Investing in the stock market requires a solid understanding of the financial health and performance of the companies you’re considering. One of the most effective ways to gauge this is through financial ratios. These ratios provide insights into various aspects of a company’s operations, helping you make informed investment decisions. In this blog, we’ll break down some of the key financial ratios every investor should know, explained in simple, layman terms.

1. Price-to-Earnings (P/E) Ratio

What It Is: The P/E ratio measures a company’s current share price relative to its earnings per share (EPS). It’s a way to determine how much investors are willing to pay for each dollar of earnings.

How to Calculate: P/E Ratio=Market Price per Share/Earnings per Share (EPS)

Why It Matters:

  • A high P/E ratio may indicate that a stock is overvalued or that investors expect high growth rates in the future.
  • A low P/E ratio may suggest that the stock is undervalued or that the company is facing difficulties.

2. Price-to-Book (P/B) Ratio

What It Is: The P/B ratio compares a company’s market value to its book value. The book value is the net asset value of a company, calculated as total assets minus intangible assets (like patents) and liabilities.

How to Calculate: P/B Ratio=Market Price per Share/Book Value per 

Why It Matters:

  • A P/B ratio less than 1 can indicate that the stock is undervalued, or there might be underlying problems with the company.
  • A higher P/B ratio can mean the company is performing well or is overvalued.

3. Debt-to-Equity (D/E) Ratio

What It Is: The D/E ratio measures a company’s financial leverage by comparing its total liabilities to its shareholders’ equity. It shows the proportion of equity and debt a company uses to finance its assets.

How to Calculate: D/E Ratio=Total Liabilities/Shareholders’ Equity

Why It Matters:

  • A high D/E ratio indicates that a company may be taking on too much debt, which could be risky during economic downturns.
  • A lower D/E ratio suggests a more financially stable company with less risk.

4. Return on Equity (ROE)

What It Is: ROE measures how effectively management is using a company’s assets to create profits.

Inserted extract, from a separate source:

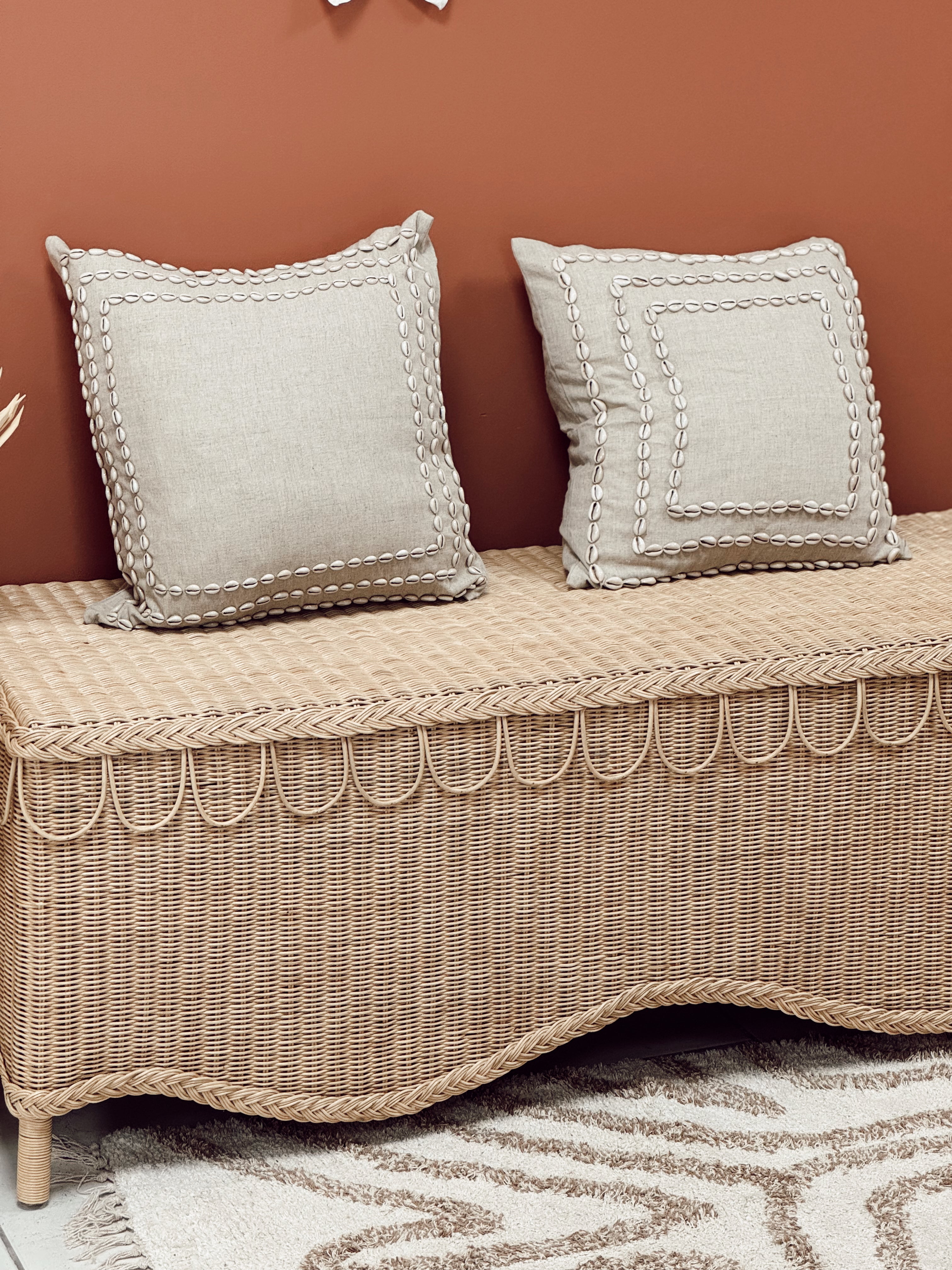 Un banc en rotin au charme vintage, avec ses jolies courbes et son tressage délicat. Parfait dans une entrée, au bout du lit ou dans un salon lumineux, il apporte une touche bohème tout en légèreté.

It is calculated by dividing net income by shareholders’ equity.

How to Calculate: ROE=Net Income/Shareholders’ Equity​

Why It Matters:

  • A high ROE indicates that the company is effectively generating income from its equity base.
  • Investors look for companies with consistently high ROE as it suggests efficient management and profitable business operations.

5. Current Ratio

What It Is: The current ratio is a liquidity ratio that measures a company’s ability to pay short-term obligations with its current assets.

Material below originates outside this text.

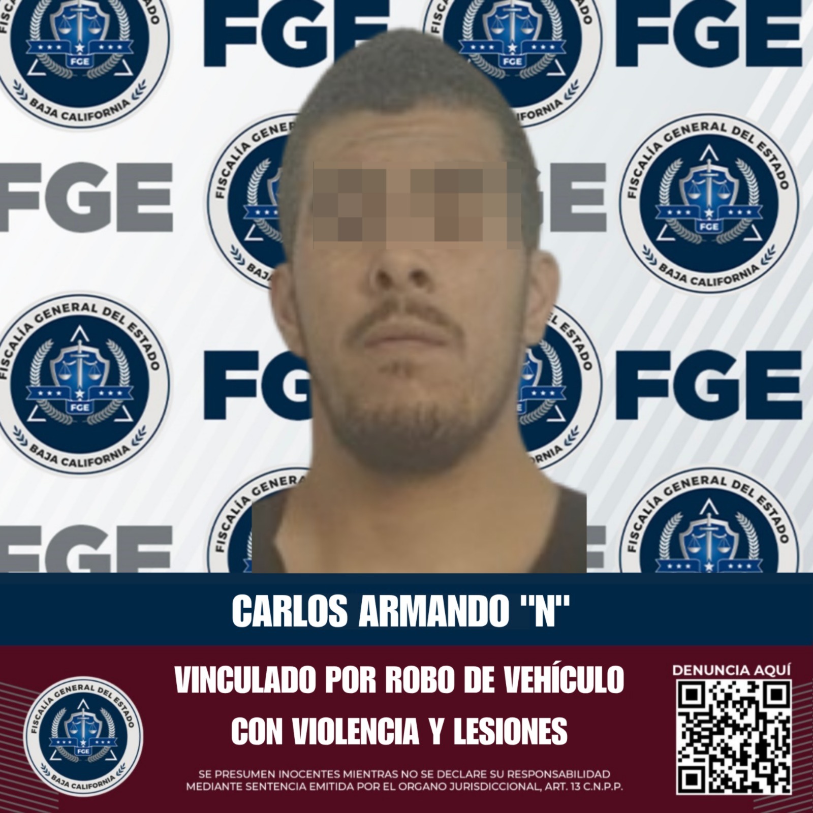 TIJUANA, BAJA CALIFORNIA. - La Fiscalía Regional de Tijuana, a través de la Unidad de Investigación de Robo de Vehículos, informó que se logró obtener la vinculación a proceso de Carlos Armando “N” por los delitos de robo de vehículo con violencia y lesiones calificadas.

How to Calculate: Current Ratio=Current Assets/Current Liabilities

Why It Matters:

  • A current ratio above 1 indicates that the company has more current assets than current liabilities, which is a good sign of financial health.
  • A ratio below 1 may suggest that the company could struggle to meet its short-term obligations.

6. Quick Ratio (Acid-Test Ratio)

What It Is: The quick ratio, or acid-test ratio, is similar to the current ratio but provides a more stringent test of liquidity by excluding inventory from current assets.

How to Calculate: Quick Ratio=Current Assets−Inventory/Current Liabilities

Why It Matters:

  • This ratio shows a company’s ability to meet short-term obligations without relying on the sale of inventory, which might not be quickly convertible to cash.
  • A higher quick ratio indicates better short-term financial health.

7. Earnings Per Share (EPS)

What It Is: EPS is the portion of a company’s profit allocated to each outstanding share of common stock. It is a widely used indicator of a company’s profitability.

How to Calculate: EPS=Net Income−Dividends on Preferred Stock/Average Outstanding Shares

Why It Matters:

  • Higher EPS indicates greater profitability and is often seen as a positive sign by investors.
  • EPS growth can signal company growth and attract investors looking for good returns.


Understanding these key financial ratios can significantly enhance your ability to evaluate potential investments and make more informed decisions. While no single ratio can provide a complete picture, using a combination of these metrics can give you a comprehensive view of a company’s financial health and performance. Always consider these ratios in context and alongside other qualitative factors to get the best insights into your investment choices.

By familiarizing yourself with these essential financial ratios, you’ll be better equipped to navigate the stock market and build a more robust investment portfolio. Happy investing!